Real-time analytics, continuous data pipelines, batch processing, and iterative algorithms are all supported by Apache Flink [38], an open-source hybrid framework. The key benefit is great fault tolerance and low latency costs while processing massive amounts of data in a distributed setting. For limited data sets, the DataSet API is a common method of processing data in batches [38]. Figure 8 illustrates Apache Flink Ecosystem.

Spatial BD frameworks

GIS supports various activities for government especially in active sector like agriculture. Many BD processing frameworks, such as Hadoop MapReduce, were invented to process and analyze huge GIS data in order to extract geographic information for specific geographic operations such as distance-based queries, k-nearest neighbor (KNN) searches, filter-based queries, etc.

Hadoop-based

This section discusses the two most prevalent Hadoop MapReduce dependent on GIS data processing frameworks: Hadoop-GIS as well as Spatial-Hadoop.

Hadoop-GIS

Hadoop-GIS is a MapReduce framework for handling massive amounts of vector data, partitioning, and geographic queries [39]. There is a wide variety of geographical (spatial) questions, including: distance-based queries; relationship-based queries; descriptive queries; and distance-based spatial mining and statistics queries, such as spatial clustering and spatial regression [35]. Hadoop-GIS uses SATO spatial partitioning and local spatial indexing to improve query speed. However, complicated geometries are not allowed. This includes things like convex/concave polygons, line strings, multipoint geometries, and multipolygon geometries. Hadoop-GIS, in fact, only works with two-dimensional data and provides support for two types of queries over geometric objects: box range and spatial joins.

Spatial-Hadoop

To address the shortcomings of Hadoop-GIS, the Spatial-Hadoop MapReduce architecture was developed. It includes SpatialRecordReader and SpatialFileSplitter, two new components for processing spatial data efficiently and scalable with spatial data, geographic indexes, and operations [40].

Points, multipoints, line strings, and polygons are just some of the geometry types that can be used with Spatial-Hadoop. Uniform grids, R-Trees, Quad-Trees, KD-Trees, and Hilbert curves are some of the spatial partitioning techniques used in spatial indexes [41]. It also allows for numerous predefined spatial operations like range queries, k-nearest neighbor queries, and spatial joins. In addition to skylines, convex hulls can also be generated from the many geometric objects it supports, such as segments and polygons.
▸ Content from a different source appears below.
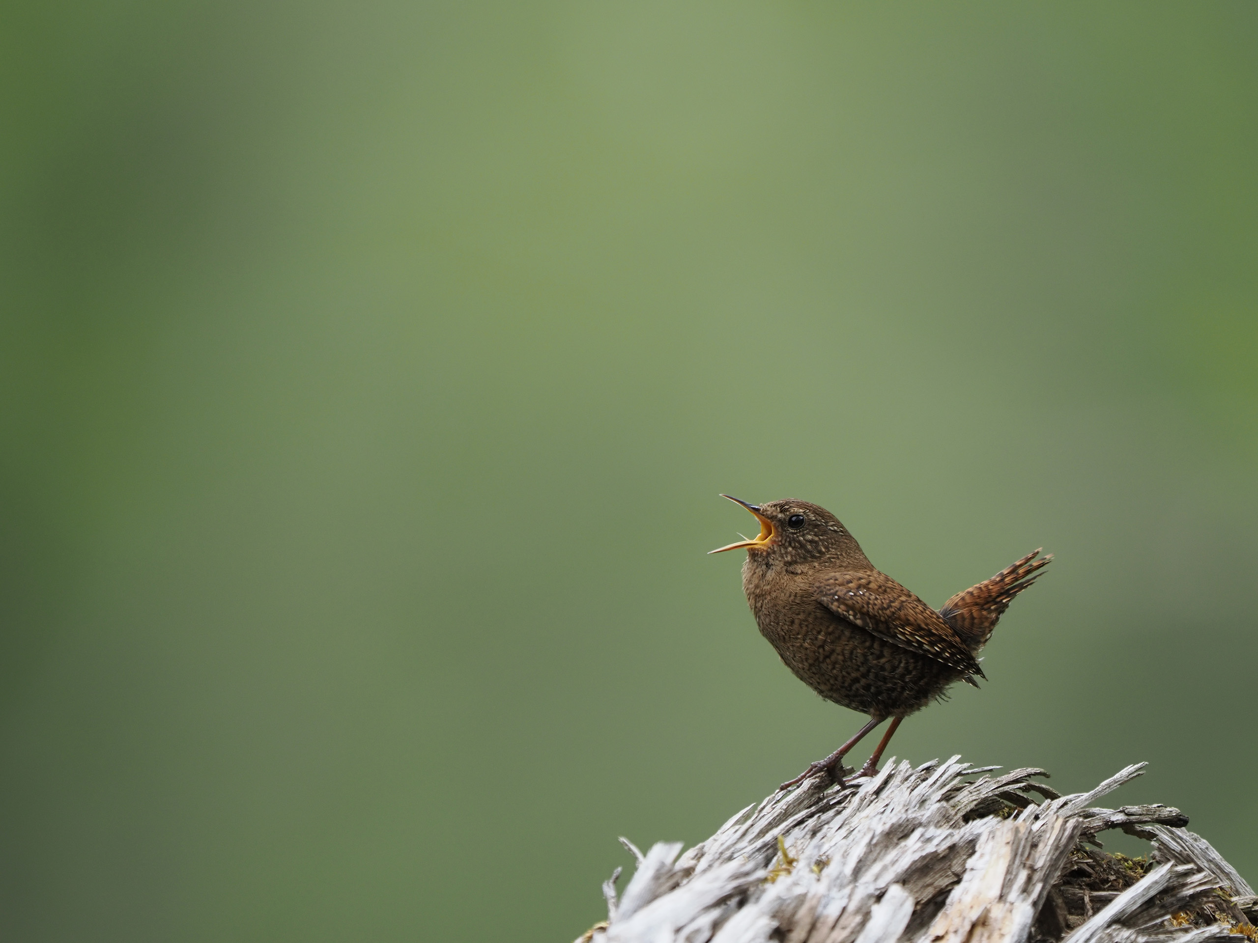 林内の倒木でさえずるミソサザイ。日本最小クラスの鳥も、1000mm相当で撮影すれば驚かさずに理想的な大きさに撮影できる。超望遠レンズは画角が狭いため、背景を整理しやすいメリットがある。

Spatial-Hadoop, a distributed platform for geospatial data analytics, is what makes the aforementioned features a reality.

Spark-based

This section introduced two of the most widespread Spark-based GIS data processing frameworks: Spatial-Spark and Geo-Spark.

Spatial-spark

In order to process geographic information system (GIS) data, the framework known as "Spatial-Spark" was developed. It was built atop Spark RDD to supply a wide variety of spatial operations like range query, spatial join, spatial filtering, R-Tree index, and R-Tree partitioning to speed up queries [42]. To handle both broadcast spatial join and partitioned spatial join, Spatial-Spark can be thought of as an in-memory BD framework [42].

Geo-spark

To analyze massive amounts of GIS data more quickly than Spatial-Hadoop, an in-memory cluster computing framework called Geo-Spark has been developed on top of Spark [43]. To better accommodate spatial data types, indexes, and geometric operations at scale, Geo-Spark broadens the idea of RDDs and SparkSQL. It's useful for k-nearest neighbor (KNN) queries and other geographic data partitioning systems like a uniform grid, R-Tree, Quad-Tree, or KDB-Tree. To find a happy medium in a cluster between execution time and memory/processor consumption, Geo-Spark is calibrated to pick an appropriate join algorithm [44]. By combining operationally fast programming languages (like Java and Scala) with declarative (like SQL) languages and spatial RDD APIs, Apache Spark's Geo-Spark enables developers to create effective spatial analysis applications. Finally, Tables 4 and 5 draw a comparison among the discussed BD processing frameworks either Non-Spatial or Spatial DB Framework, including different metrics.

Table 4 Comparison among popular Non-spatial DB Framework

Full size table

Table 5 Comparison among popular Spatial DB Framework

Full size table

Common data sources

To the best of our knowledge, satellite imagery, Wireless Sensor Web (WSW) and Internet of Things (IoT), crowdsourcing, Social Media records, GPS traces and mobile call detail record, simulation, Unmanned Aerial Vehicle (UAV) video, Airborne and Terrestrial Light Detection and Ranging (LiDAR), and Geographic Information System (GIS) are all common BD sources in agricultural applications (GIS).

Satellite imagery

To investigate the planet's surface, satellites use either active or passive sensors to gather imagery of it [23]. Images captured by passive sensors are used to calculate how much sunlight is reflected from Earth's surface. In contrast, active sensors are typically used to acquire the images. Active sensors, such as the Synthetic Aperture Radar (SAR), are effectively used to address the shortcomings of passive sensors and expand the observational capacity for agricultural applications when there is thick cloud cover, rain, or when it is nighttime.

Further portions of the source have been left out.